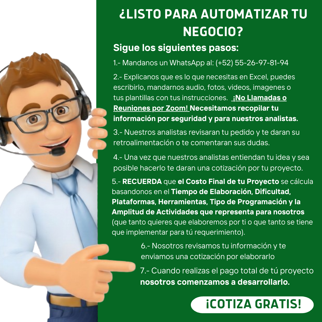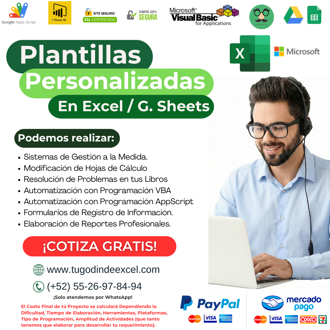 Si requieres una Plantilla Personalizada, un sistema completo en Excel o que te ayudemos a resolver o automatizar algún proceso en tu hoja de Cálculo, responde nuestro formulario y recibiras una cotización.
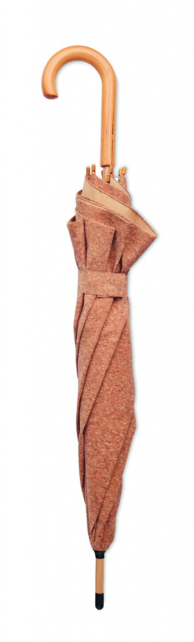 Пробковый зонт 25 дюймов с бамбуковым стержнем и деревянной ручкой, спицы из стекловолокна. Черные пластиковые наконечники и топ. Ручное закрытие.
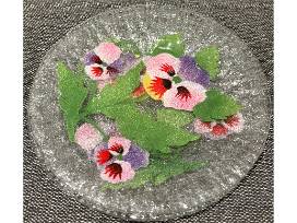 Handcrafted using the intricate fused glass technique, these pieces feature delicate floral patterns created with vibrant colors, resulting in rich texture, depth, and color that truly come alive in the light, making this collection as special as it is beautiful.
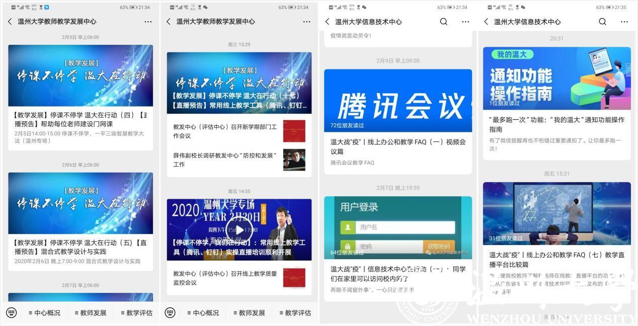 技术支持,远程协助教学无忧。信息技术中协调各方资源快速开通学生webvpn服务,第一时间给所有本科生开放账号,保障学生在家无障碍访问图书馆、教务系统等校内资源,并为商学院、计算机学院设置特殊通道,使学生可以在家访问实验室资源与进行远程实验。中心还第一时间对比测试各种线上教学平台和工具,选取其中稳定易用的种类,推荐给老师们,并一一说明其优缺点;提供服务热线手把手教老师们建课与使用,发布系列建课和学习操作指南微信推文提供指导;同时每天收集使用过程中碰到的问题,形成FAQ文档,及时反馈给老师,以帮助学生与老师更好的沟通,开展线上学习。
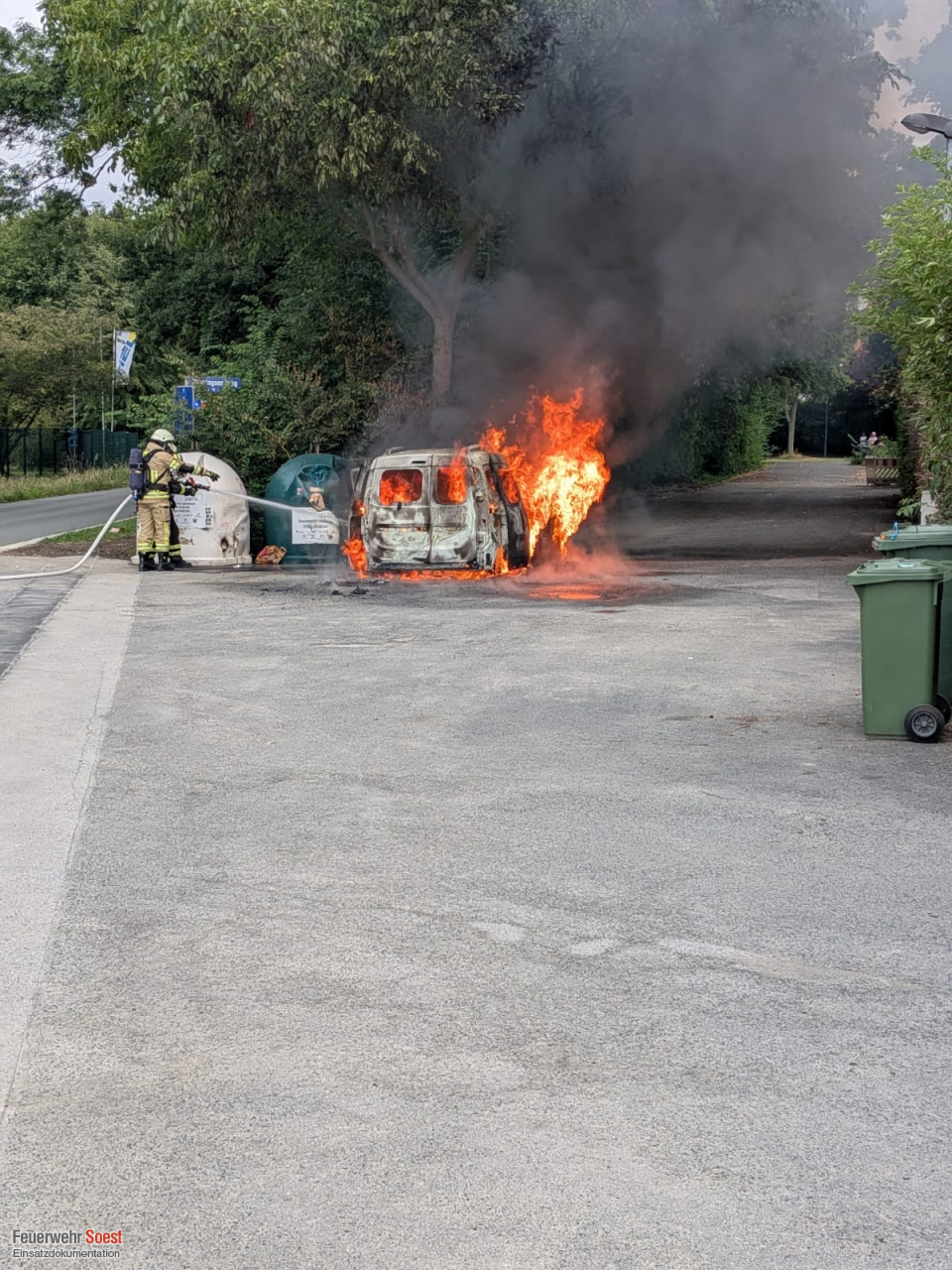 Ein brennender Pkw wurde von einem Trupp unter schwerem Atemschutz abgelöscht.
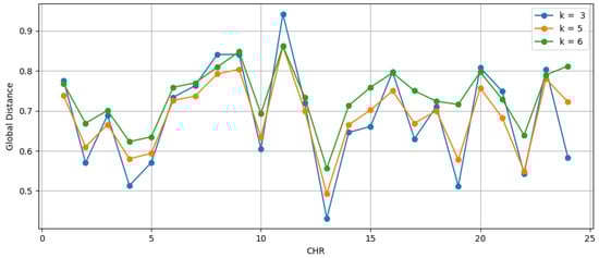 Our analysis of chromosome similarity, conducted through Equation (2), revealed fundamental information about genomic organization and composition at different resolution levels. The similarity d between the two data sets is shown in Figure 4 and Table S2. Each column corresponds to the similarity between the chromosome of the entire sequence set and the same chromosome of the exon sequences, calculated on one of the scales . By calculating the distance between these two data sets at different scales, we can discern how the distribution of k-mers varies across each. Our results show that the absence of nonexon regions does not significantly alter the distribution of k-mers in sequences. The chromosome that presents the most significant variation in k is the Y chromosome.
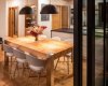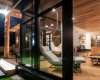 Dům se sloupy z douglasky stojí na magickém místě u březového hájku, na který je z domu krásný výhled. Nízkoenergetický dům ve tvaru L je mírně zapuštěn v terénu a jeho vstup je zvýrazněn dveřmi veselé červené barvy. Sloupy nesoucí přesah střechy jsou mohutné a vytvářejí dojem stability. Na sloupy u terasy je použita douglaska tisolistá, jež měla dlouhá léta své kořeny zapuštěny v pozemku a kterou do výsledné podoby opracoval sám majitel. Obvodové konstrukce tvoří masivní dřevěné panely DEKPANEL. Horizontální pás oken je zvýrazněn změnou obkladu fasády. Mezi okny je cedrový šindel. Dřevěný obklad je navržen také z cedru bez nátěru – barva dřeva se bude měnit podle expozice a světové strany. Terasa propojuje obytné místnosti orientované k severu. Průhled je od východu přes terasu až do obývacího pokoje. Obývací pokoj je propojen se zahradou. Směrem na sever do zeleně je celá stěna prosklená. Otevřenosti prostoru přispívá i propojení s halou, ze které se vstupuje do ložnic, koupelny a WC. Srdce domu, krb s betonovou stěrkou, je umístěn u skleněné stěny. Kuchyně s její pracovní plochou je prosvětlena rohovým posuvným oknem. V koupelně je použita velkoformátová dlažba a stěrka na stěnách v šedém tón u v kontrastu s nábytkem z olivového dřeva. Celý dům se nese ve znamení dřeva – cedrové obklady na stropech, v koupelně olivové dřevo, sluneční neboli březový pokoj, dubová prkna na podlaze, fasáda z cedru, smrková konstrukce, třešňový jídelní stůl a v neposlední řadě sloupy z douglasky.
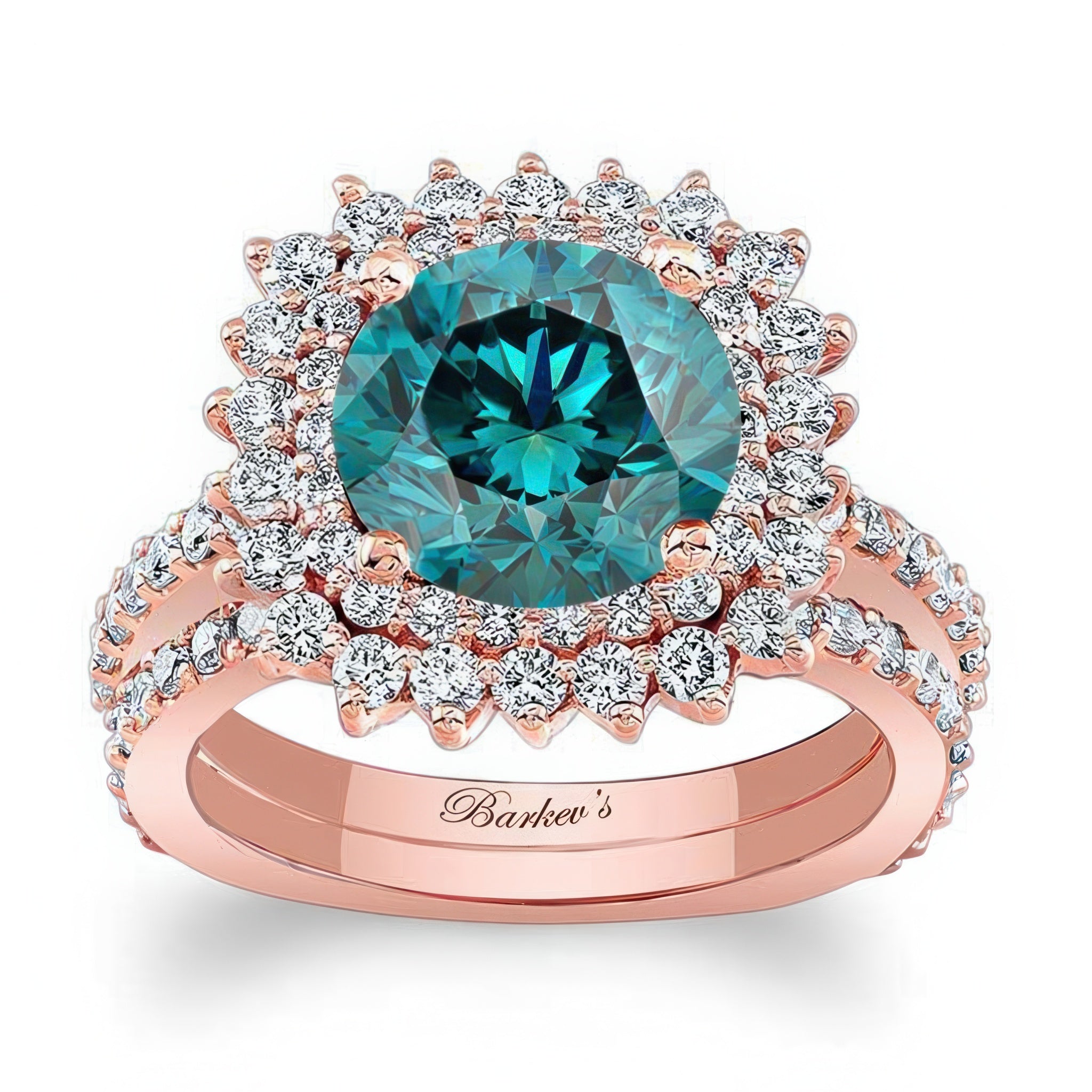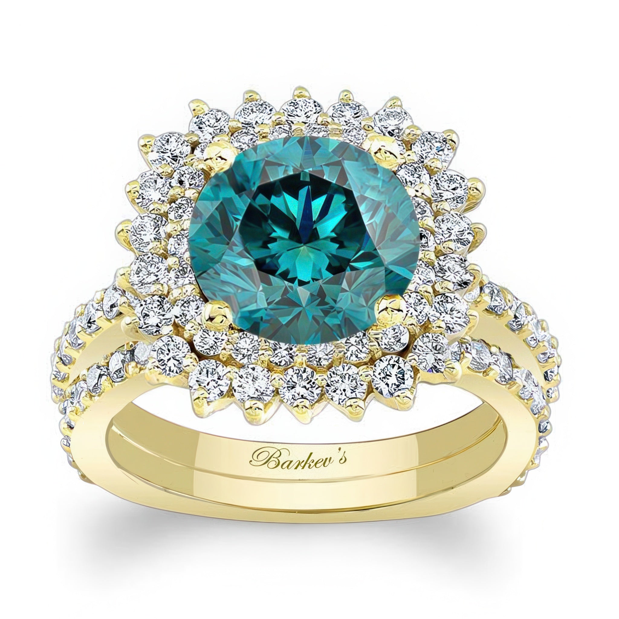 This 3 carat blue and white diamond engagement ring set features a prong set round center framed by a diamond halo forming a starburst pattern with shared prong set diamond melees running down the shoulders and wedding band for an added touch of glamour.
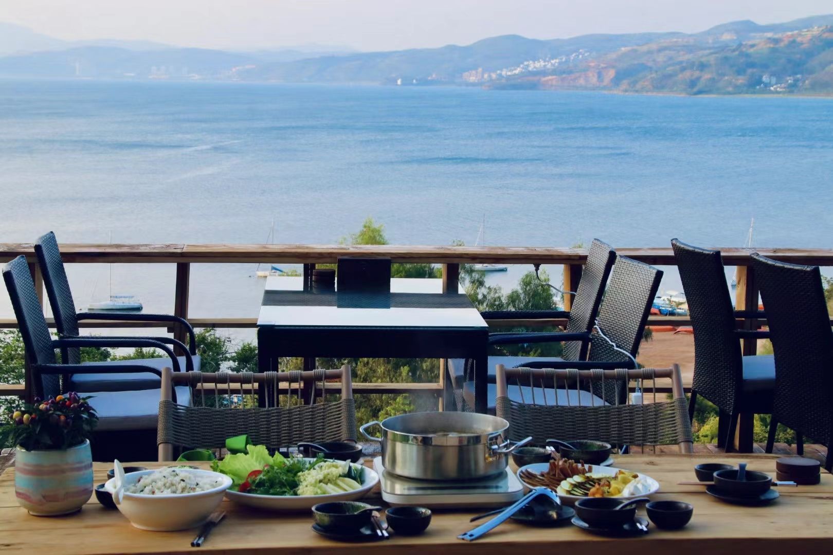 美景当前,怎么少得了美食相伴。别具一格的悬崖餐厅中西美食跨界碰撞,原生态的野生菌美食鲜美可口,摆盘精致的牛排、披萨香气四溢……夕阳西下时,坐在露台一隅,品尝着精心准备的美食,就着满眼的湖光山色,享受属于自己美妙轻松的时刻。
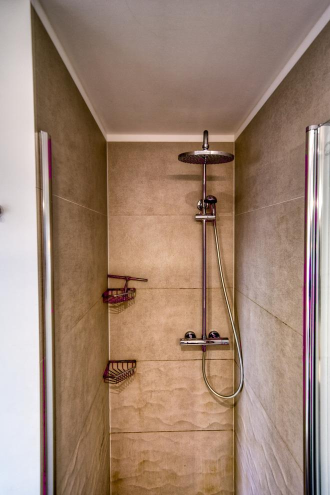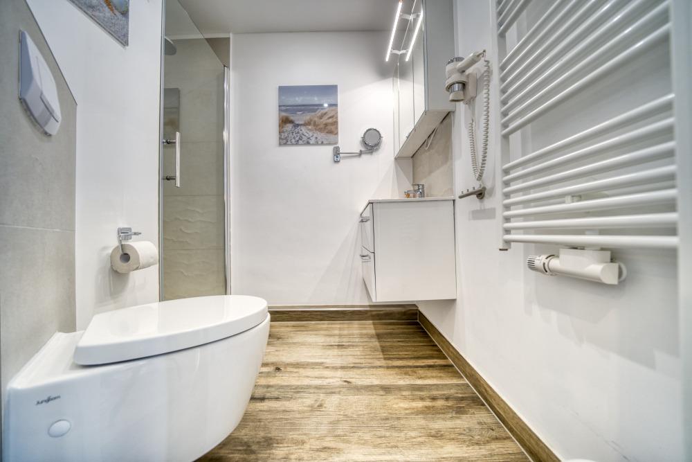 Badezimmer mit Duschkabine mit niedrigem Einstieg, WC und Handtuchtrockner
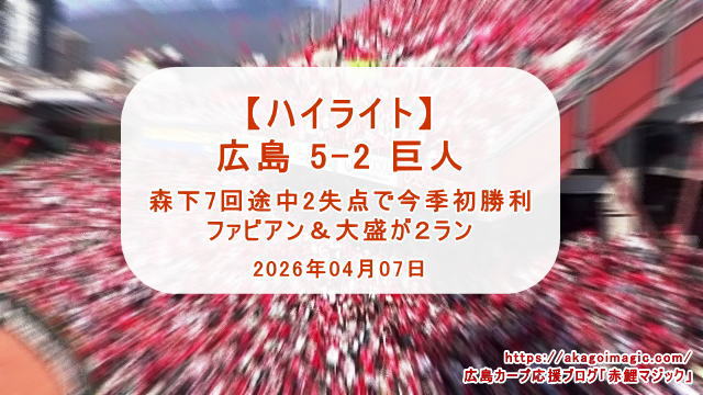 本塁打 :[広島] ファビアン 1号(4回裏2ラン),大盛 1号(5回裏2ラン)
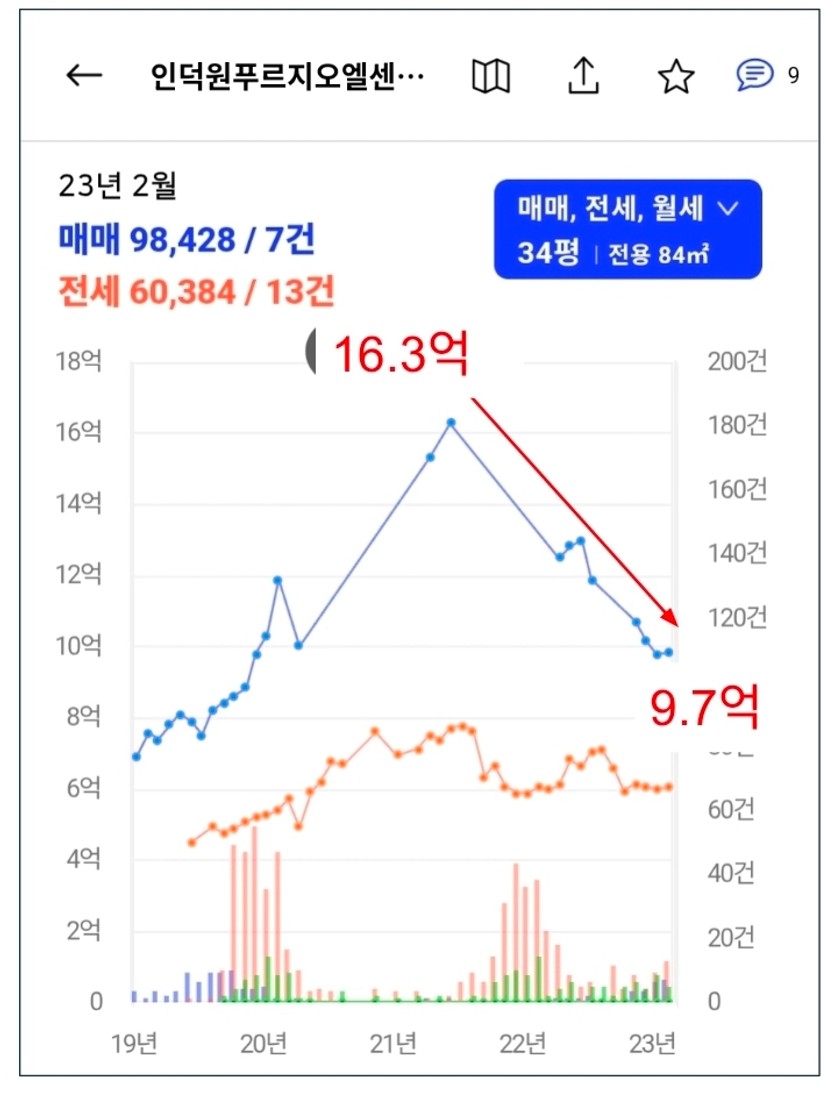 우리는 지난 2022년 하락장에서 인덕원푸르지오엘센트로 사례를 기억해야 합니다. 당시 GTX-C 정차 기대감으로 16.3억 원까지 치솟았던 가격이, 하락장이 오자 호재의 거품은 빠르게 걷혔고 9.7억 원까지 무려 40%가 넘게 폭락했습니다. 불과 1년여 만에 자산 가치가 급격히 무너지는 것을 보며, 호재 하나에만 의존한 투자가 얼마나 위험한지를 보여주는 사례 입니다.
§ §
▶ _Problem to work on_
Copy exactly the lines of the listing above between the one holding "This 3 carat" and the one holding "本塁打 :[広島] ファビアン 1号(4回裏2ラン),大盛 1号(5回裏2ラン)", inclusive; omit all pictures.

▶ _Response to the exercise_
 This 3 carat blue and white diamond engagement ring set features a prong set round center framed by a diamond halo forming a starburst pattern with shared prong set diamond melees running down the shoulders and wedding band for an added touch of glamour.
 美景当前,怎么少得了美食相伴。别具一格的悬崖餐厅中西美食跨界碰撞,原生态的野生菌美食鲜美可口,摆盘精致的牛排、披萨香气四溢……夕阳西下时,坐在露台一隅,品尝着精心准备的美食,就着满眼的湖光山色,享受属于自己美妙轻松的时刻。
 Badezimmer mit Duschkabine mit niedrigem Einstieg, WC und Handtuchtrockner
 本塁打 :[広島] ファビアン 1号(4回裏2ラン),大盛 1号(5回裏2ラン)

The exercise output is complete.